Micro-capitalization companies are subject to substantially greater risks of loss and price fluctuations, sometimes rapidly and unpredictably, because their earnings and revenues tend to be less predictable. In addition, some companies may experience significant losses. Since micro-capitalization companies may not have an operating history, product lines, or financial resources, their share prices also tend to be more volatile and their markets less liquid than companies with larger market capitalizations, and they can be sensitive to changes in overall economic conditions, interest rates, borrowing costs and earnings. The shares of micro-capitalization companies tend to trade less frequently than those of larger, more established companies, which can adversely affect the pricing of these securities and the future ability to sell these securities. Micro-capitalization companies face greater risk of business failure, which could increase the volatility of the Fund’s portfolio.
Mid-
Capitalization
Companies Risk
 
Investments in mid-capitalization companies generally involve greater risks and the possibility of greater price volatility, which at times can be rapid and unpredictable, than investments in larger, more established companies. Mid-capitalization companies often have narrower commercial markets and more limited operating history, product lines, and managerial and financial resources than larger, more established companies.

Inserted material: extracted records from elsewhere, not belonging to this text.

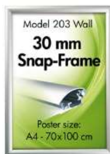
Alu Snap-Frame, væg, 30 mm Model 203 Varianter 6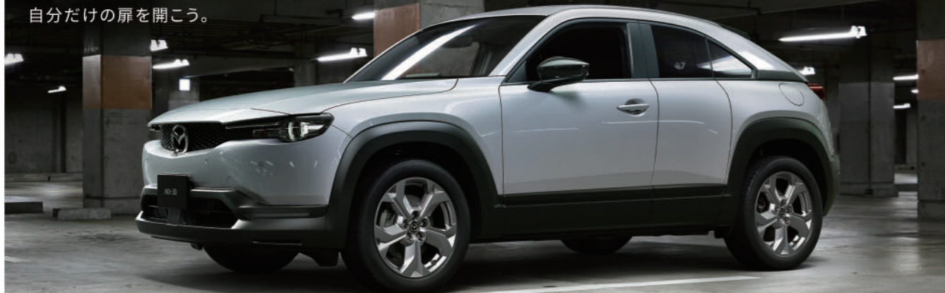
Photo: MX-30 2WD (FF) Body Color: セラミックメタリック Seat Color: クロス(グレー/ブラック)

マイルドハイブリッドモデル MX-30 e-SKYACTIV G 2.0 2WD (FF) (6EC-AT) 車両本体価格 2,420,000円 (消費税込★)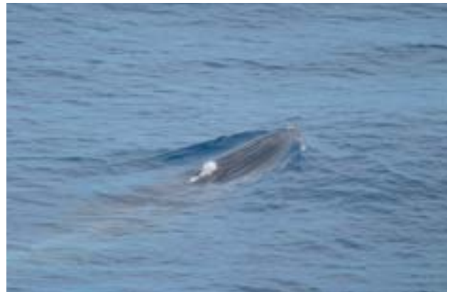
(2) ニタリクジラ...頭部の3本のリッジが特徴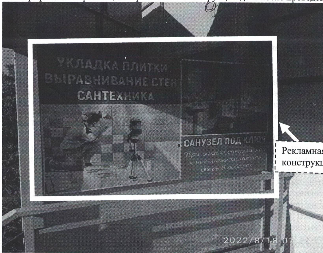
Фото №1: ул.Грибоедова д.6 – до проведения работ по демонтажу.

Фотографии места размещения рекламной конструкции до и после проведения работ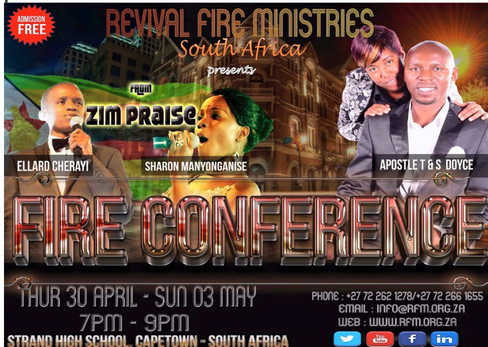
Photographie 14 : Flyer flamboyant et alléchant d'une « conférence » gratuite.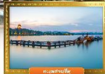
ทะเลสาบอู๋หู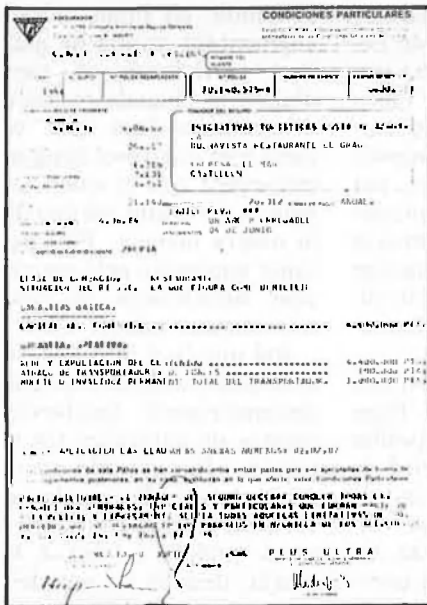
Assegurança del restaurant Arrantzale.

Les incògnites són enormes. El «cas Arrantzale» encara és un jeroglífic molt complicat la solució final del qual potser no sabrem mai. Perquè, «tot és molt fosc» per a Joa-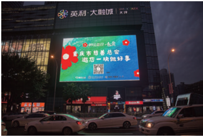
重庆大坪英利大融城 LED 高清广告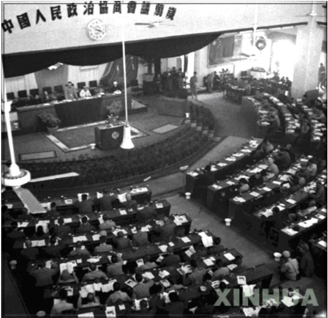
中國人民政治協商會議第一屆全體會議於1949年9月21日至30日在北平舉行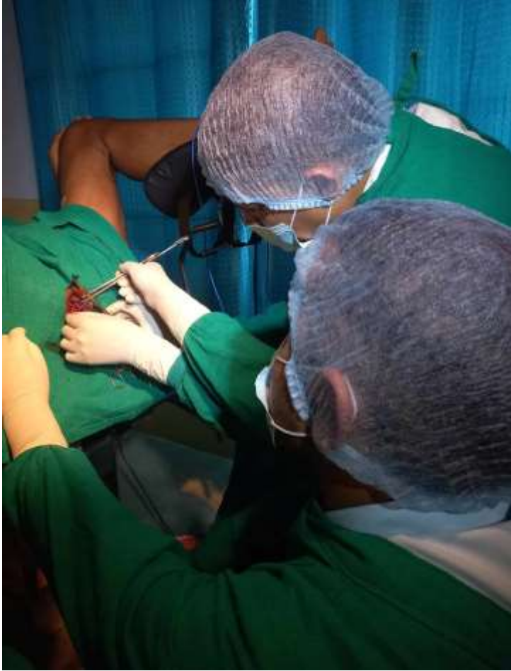
क्षारशुत्र सेवा @ धौलागिरी आयुर्वेद औषधालय, बाग्लुङ्ग

अंक २०२, वर्ष ६, २०८१ श्रावण ६, July 21, 2024 आइतबार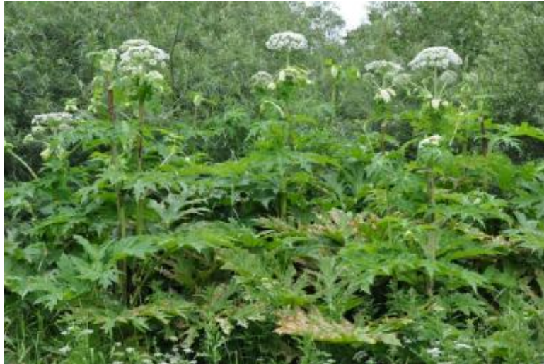
Kæmpe-Bjørneklo i blomst

As a result, performance can be more volatile and they may face greater risk of business failure, which could increase the volatility of the Fund’s portfolio. Generally, the smaller the company size, the greater these risks. Additionally, mid-capitalization companies may have less market liquidity than large-capitalization companies, and they can be sensitive to changes in overall economic conditions, interest rates, borrowing costs and earnings.
Other
Investment
Companies Risk
 
To the extent that the Fund invests in shares of other registered investment companies, the Fund will indirectly bear the fees and expenses, including, for example, advisory and administrative fees, charged by those investment companies in addition to the Fund’s direct fees and expenses. If the Fund invests in other investment companies, the Fund may receive distributions of taxable gains from portfolio transactions by that investment company and may recognize taxable gains from transactions in shares of that investment company, which could be taxable to the Fund’s shareholders when distributed to them. The Fund must rely on the investment company in which it invests to achieve its investment objective. If the investment company fails to achieve its investment objective, the value of the Fund’s investment may decline, adversely affecting the Fund’s performance. To the extent the Fund invests in other investment companies that invest in equity securities, fixed income securities and/or foreign securities, or that track an index, the Fund is subject to the risks associated with the underlying investments held by the investment company or the index fluctuations to which the investment company is subject. The Fund will be subject to the risks associated with investments in those companies, including but not limited to the following:
 
•      ETFs. Because ETFs are listed on an exchange, they may be subject to the following risks that do not apply to conventional funds: (1) the market price of an ETF’s shares may trade at a discount or premium to its NAV; (2) an active trading market for an ETF’s shares may not develop or be maintained; or (3) trading of an ETF’s shares may be halted if the listing exchange’s officials deem such action appropriate, the shares are delisted from the exchange, or the activation of market-wide “circuit breakers” (which are tied to large decreases in stock prices) halts stock trading generally. An ETF that tracks an index may not precisely replicate the returns of that index, and may not be permitted to sell poorly performing stocks that are included in its index. An actively-managed ETF’s performance will reflect its adviser’s ability to make investment decisions that are suited to achieving the ETF’s investment objectives. Future legislative or regulatory changes, including changes in taxation, could impact the operation of ETFs.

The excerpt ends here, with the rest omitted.